Die Stadt selbst ist nicht minder „sauber“ als jede andere indische Großstadt, im Gegenteil, denn auf den Straßen und in den Gassen gesellen sich diverse Kuhfladen hinzu. Es wird zwar hier und dort gekalkt, bei einem von der Sonne aufgeblähten menschlichen oder tierischen Kadaver (Wasserleiche im Ganges, bzw. tote Kühe und Kamele auf den Straßen) hilft das allerdings auch nicht mehr viel. Das Tüpfelchen auf dem i waren allerdings diejenigen, die an den Ghats und in den Straßen am heller lichten Tage ihre Hose runterließen und ihr Geschäft verrichten mussten, ihr großes Geschäft.

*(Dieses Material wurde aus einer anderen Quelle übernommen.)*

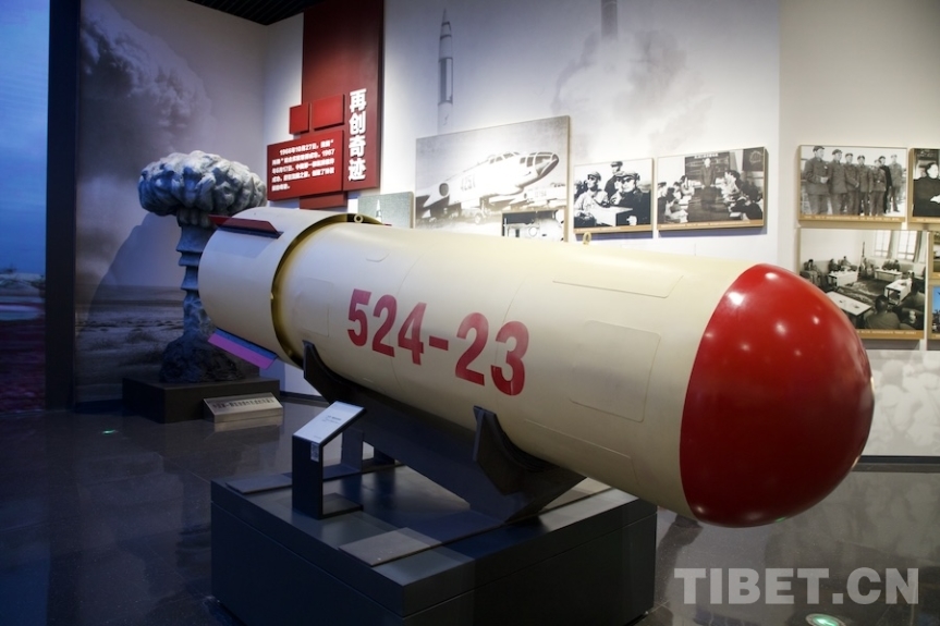 圖為中國第一顆機(jī)載氫彈模型。攝影:桑吉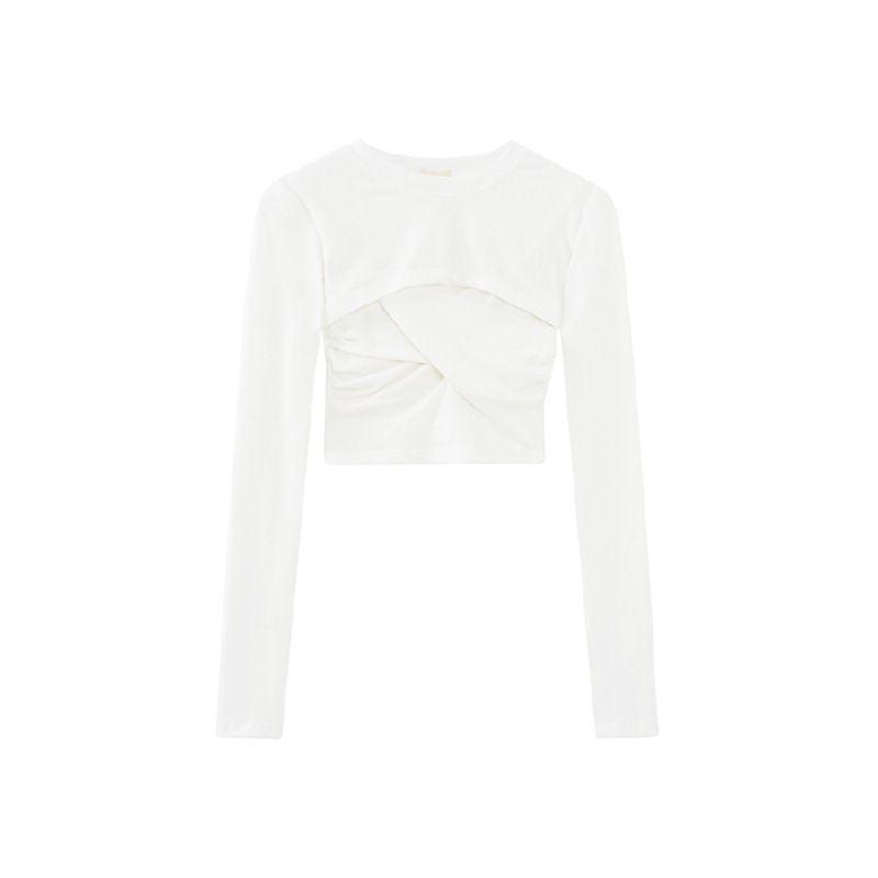 Sexy Pure Desire Style Sling Design Sense Sneaky Design Hot Girl Long Sleeve T-shirt White Average Size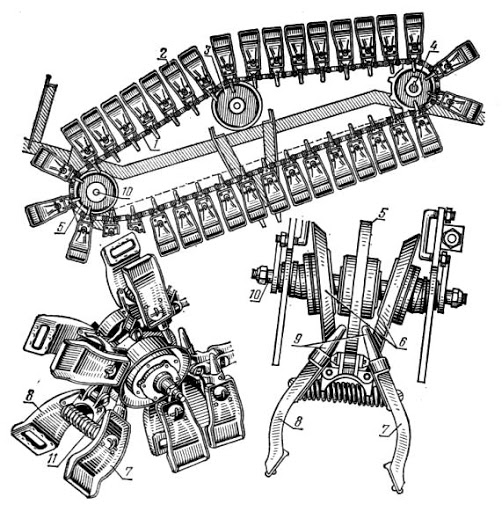 Часть поврежденной цепи теребильного аппарата свеклоуборочного комбайна. (наверное камень затащило и обломало "хваталки")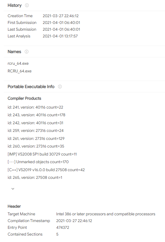 Этот крипто-вымогатель шифрует данные пользователей с помощью AES-256 GCM и RSA-2048, а затем требует выкуп в # BTC, чтобы вернуть файлы. Оригинальное название: в записке не указано. На файле написано: RCRU64.exe, rcru_64.exe, Desktopini.exe. Использует библиотеку Crypto++.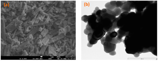 (a) SEM and (b) TEM images of Ag/ZnO nanocomposite.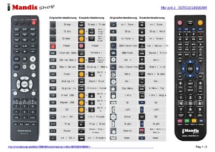 Ein Dokument ist enthalten, um die Verwendung der neuen Fernbedienung zu erleichtern, indem es die Tastenbelegung zeigt.
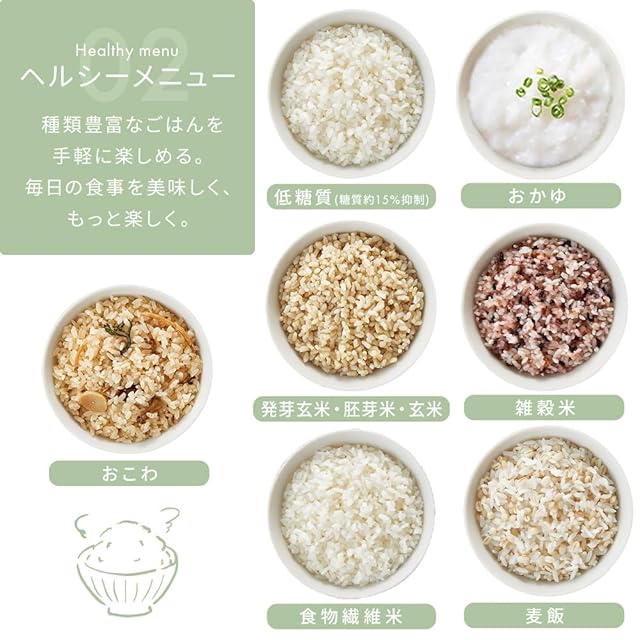 電源:AC 100V(50/60Hz共用)●定格消費電力(炊飯時):485W●炊飯容量(最大):【無洗米・白米・新米・エコ・早炊き・冷凍・おむすび・すし飯・丼・カレー・胚芽米】0.54L(3合)、【炊込み・食物繊維米・おこわ・雑穀米・発芽玄米・玄米・麦飯】0.36L(2合)、【おかゆ:全がゆ/0.18L(1合)、5ぶがゆ/0.09L(0.5合)】低糖質:0.27L(1.5合)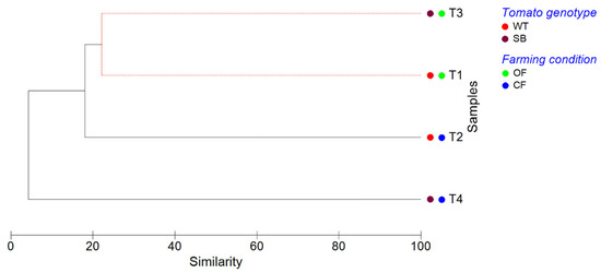 Alpha diversity analysis was assessed by the Shannon diversity and Pielou evenness indices. The Shannon index was 6.734, 6.821, 5.515, and 6.673 for T1, T2, T3, and T4, respectively. It significantly differed between SB tomatoes grown under OF and CF, whereas no differences were observed between WT tomatoes in relation to the farming condition (based on Solow test). Considering the farming conditions, Shannon index values significantly differed between WT and SB grown under OF, but not between WT and SB grown under CF (Solow test). The Pielou index was 0.881, 0.795, 0.661, and 0.899 for T1, T2, T3, and T4, respectively. According to the Solow test, significant differences in community evenness were revealed among all experimental conditions except for T1 (WT/OF) and T4 (SB/CF). Overall, alpha diversity indicated that the T3 (SB/OF) peel-associated bacterial communities showed the lowest diversity and evenness (lowest Shannon and Pielou index values), and therefore they were characterized by the presence of some dominant OTUs.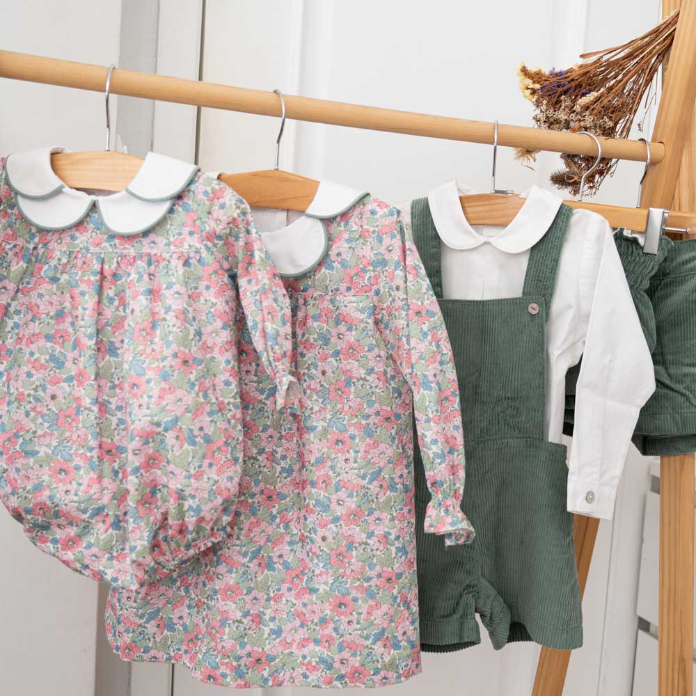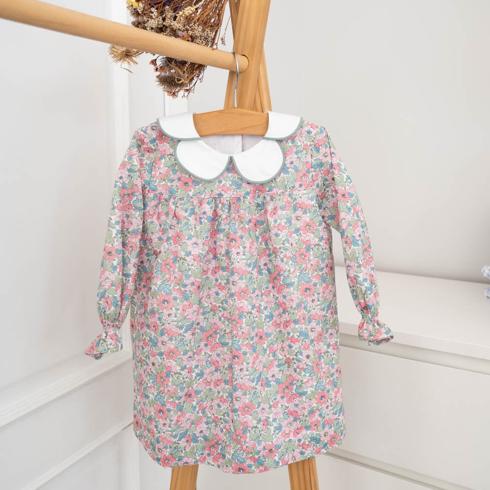 Girls' Liberty Print Dress featuring a Scalloped Collar with a green trim. Fully lined. 100% cotton (Liberty Fabric).
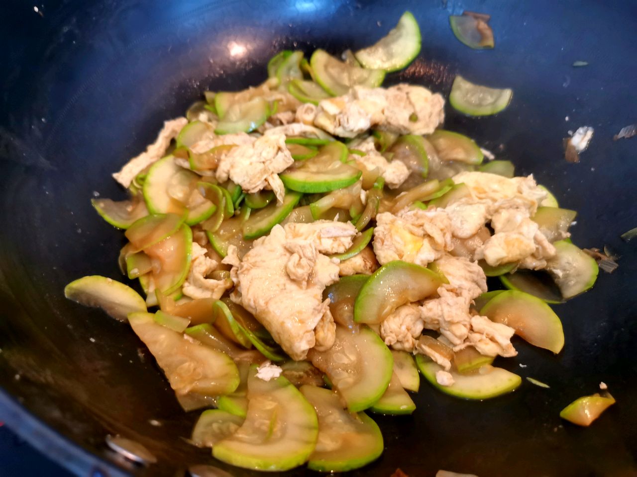 步骤10、翻炒至西葫芦明显软榻后放入鸡蛋翻炒几下,放入少许鸡精、适量麻油翻炒几下关火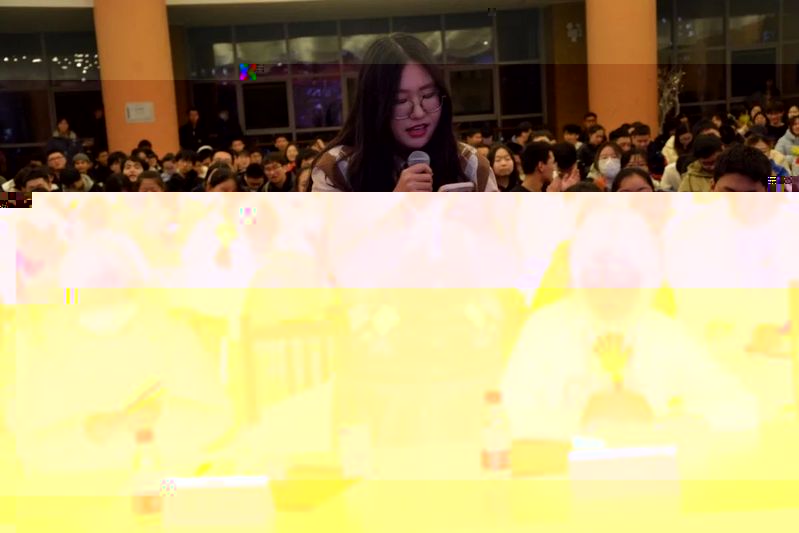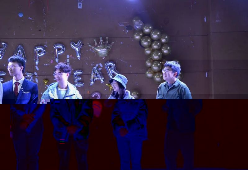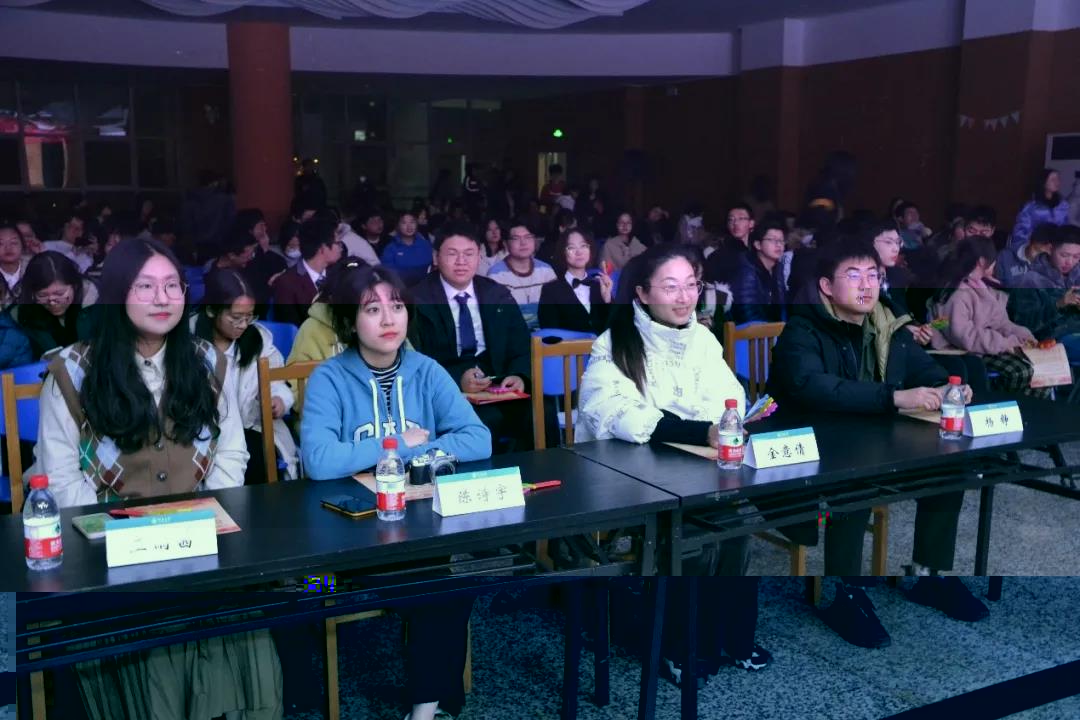 在休場期間,各種小遊戲接踵而至,在座各位同學積極參與,全場笑聲連連。聽歌識曲遊戲中,各位同學猜中歌名後還需要演唱歌曲。王雨茜老師也獻歌一曲,引得同學們一陣歡呼;搶椅子遊戲,同學在轉圈的同時緊盯闆凳,感受那股腎上腺素飙升的感覺;“正話反說”遊戲,楊铮老師和同學們急中生智,高速運轉大腦;蒙眼吹氣球遊戲,王雨茜老師與陳詩宇老師以及參加的各位同學兩兩分組猛吹氣球,為晚會增添了幾分喜慶與歡愉。
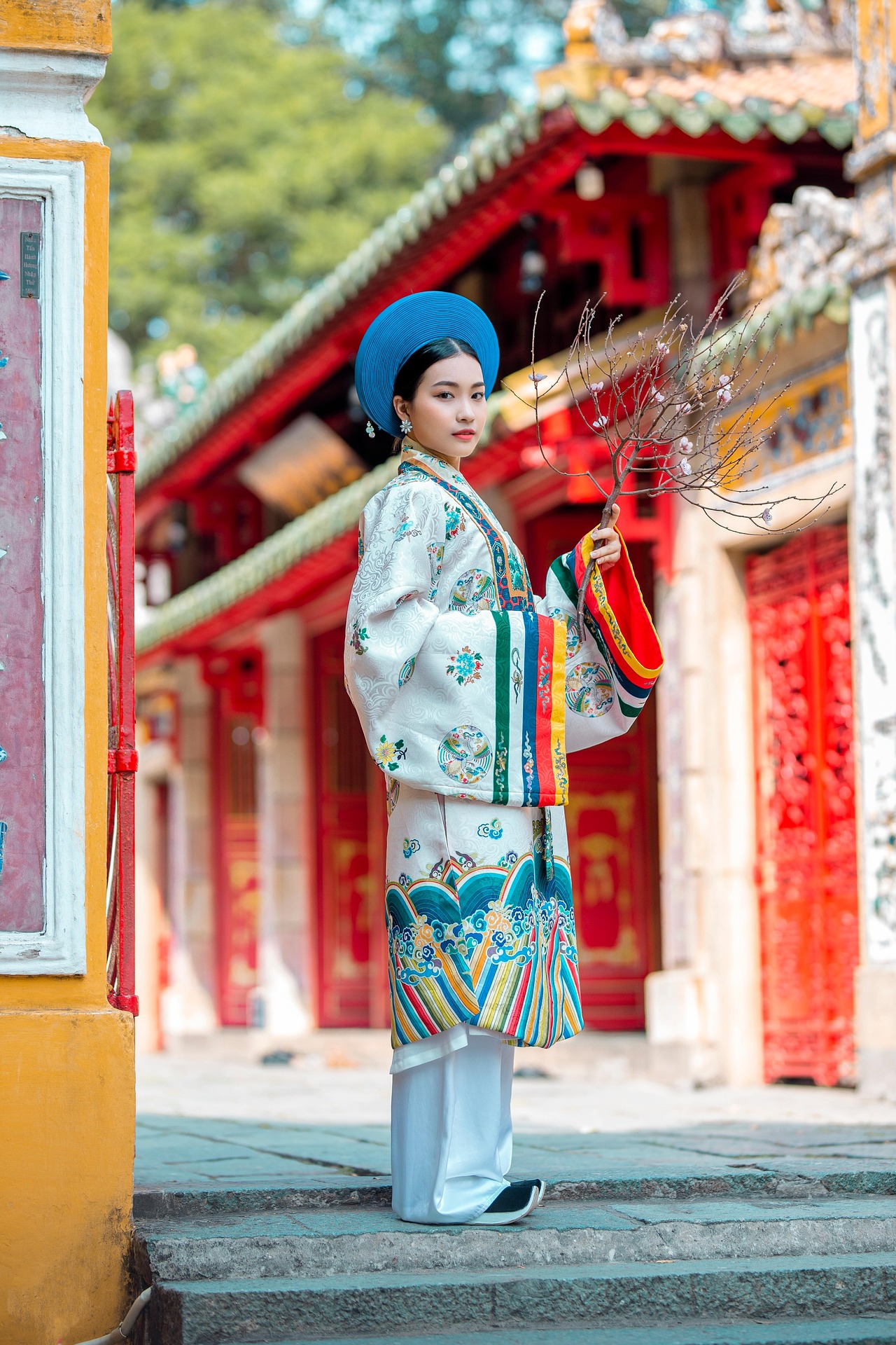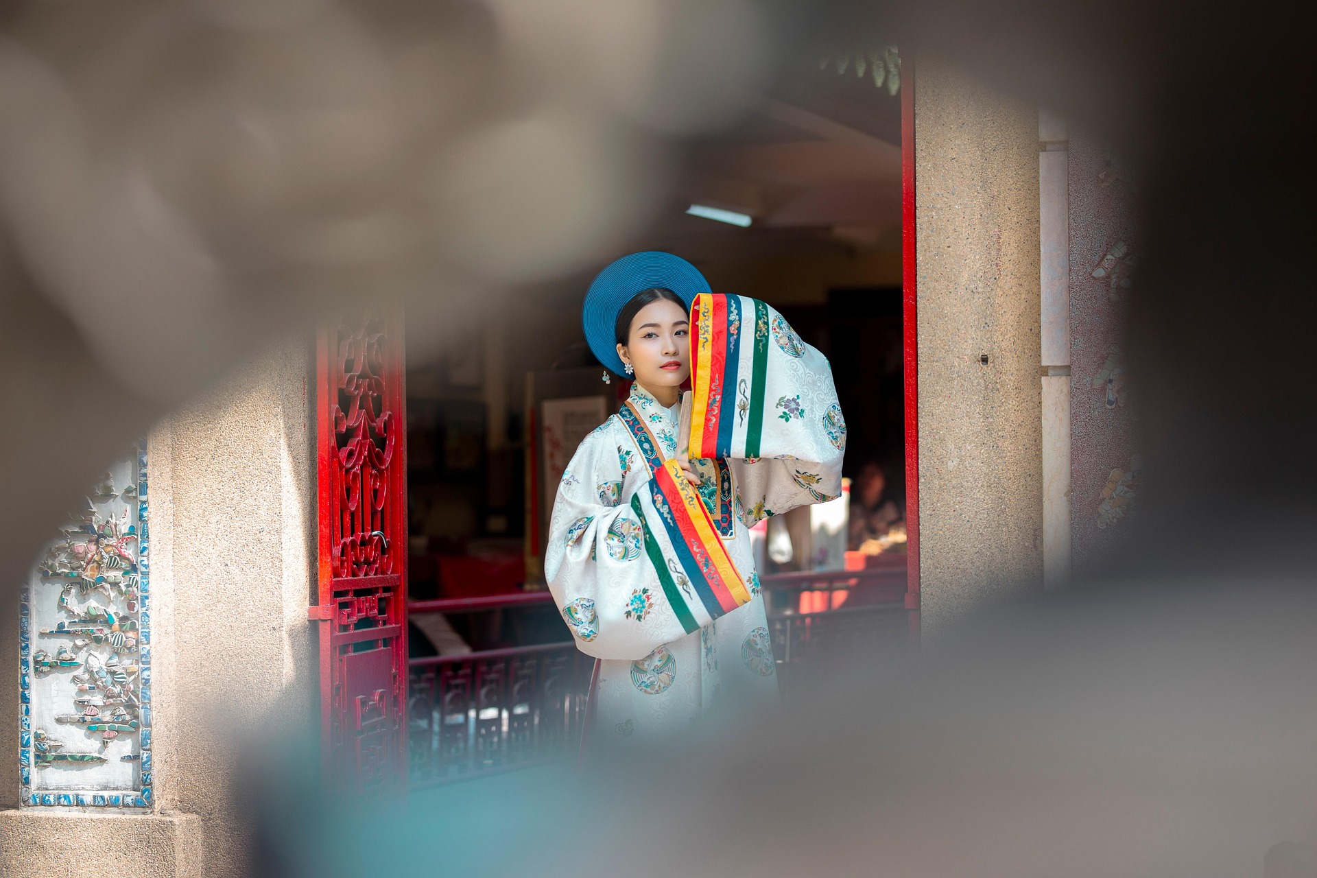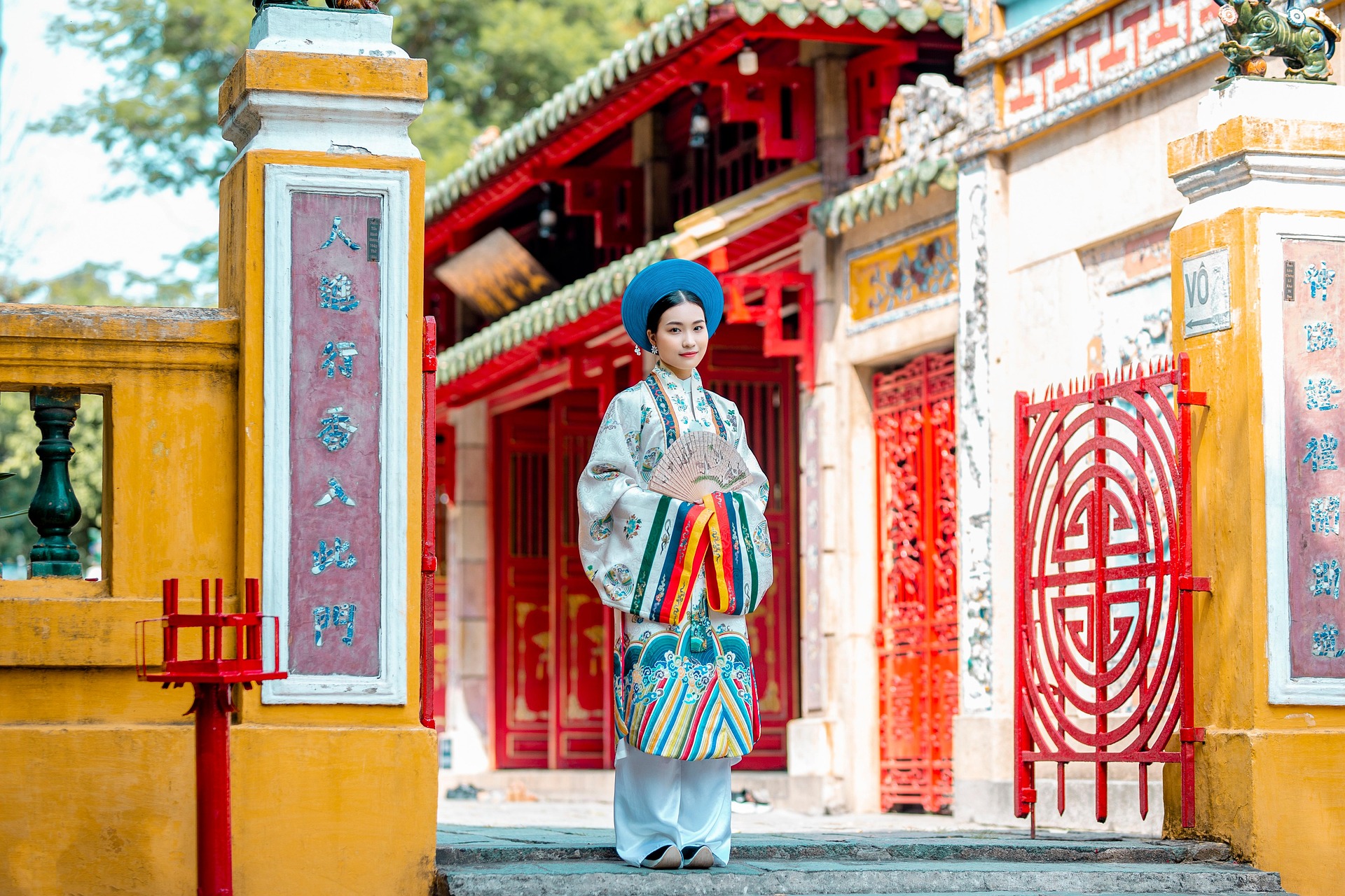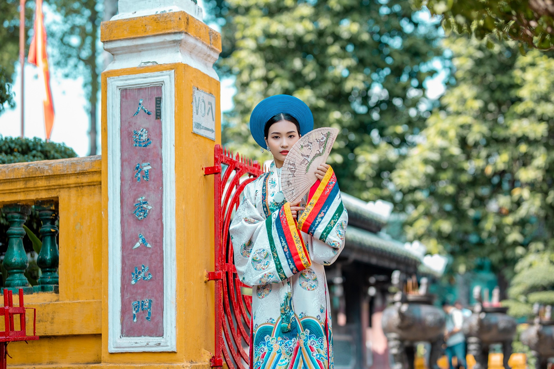 画面中,少女身着一袭精致繁复的传统服饰,立于古色古香的庙宇门前。明艳的蓝色圆帽端庄典雅,与素雅的白色衣袍形成极致对比;衣摆处五彩斑斓的竖条纹装饰,如彩虹般流淌,为整体增添了活泼与灵动。繁复的团花纹样细腻考究,手持的折扇半遮容颜,尽显东方女子的含蓄温婉。

Nichts spricht dagegen einen Fluss und das Lebenselixier Wasser im Sinne einer Gottheit anzubeten. Im Gegenteil, es ist genau die Art der Verehrung und Wertschätzung, die in unserer Subkultur des achtlosen Konsums definitiv fehlt. Warum nur wird dieser Fluss dann aber so gequält? Zwar ist die Wasserqualität im Laufe der letzten 10 Jahre wesentlich gesteigert worden, die großen Städte, so auch Vārānasi, entledigen sich allerdings immer noch ihrer ungeklärten Abwässer in den Ganges, verpesten so den Fluss. Ganz zu schweigen von den Toten, die im Oberlauf des Flusses auf die Reise ins Nirwana geschickt werden, oftmals im Stück anstatt verbrannt zu Asche. Grund dafür sind die sehr hohen Kosten die eine Verbrennung mit sich bringt, es werden also nicht nur Touristen abgezockt.
In Vārānasi z.B. gibt es von insgesamt 84 Ghats drei Ufer an denen Leichenverbrennungen stattfinden (Harish Chandra, Sankatha und das Haupt-Ghat Manikarnika), zwei für arme und ein anderes (großes) für wohlhabende Menschen, und selbst das preiswerte Ghat ist für viele Hindus immer noch viel zu teuer, so dass Leichen nach wie vor in den Fluss entsorgt werden. So geht man mit keiner Göttin geschweige denn mit einer lebenswichtigen Ressource um.
Nichts desto trotz erfüllt sich für viele Reisende in Vārānasi der Traum am Ideal einer Indienreise angelangt zu sein. Zugegebenermaßen kann die morgendliche Bootsfahrt auf dem Ganges trotz der zuvor beschriebenen Negativseiten und entgegen touristischer Okkupation, die minutiös jeden Quadratmillimeter des Flusses zu dokumentieren scheint, zu etwas sehr Romantischem und einer authentisch-intimen Erfahrung in Sachen spirituell-religiösem Indien avancieren. Nach logischen Maßstäben ist wenn dann einzig und allein der tiefe innige feste Glaube an die Wiedergeburt in ein besseres nächstes Leben überhaupt noch in der Lage zu erklären, warum die Hindus in derartigem Dreck leben und diese Situation akzeptieren und verschlimmern statt zu sie ändern. Sollte es Euch nach Vārānasi verschlagen, so lehnt Kinderarbeit ab! Kleine Mädchen und Jungs gehören morgens in die Schule und nicht Touristen durch die Gegend rudernd auf den Ganges.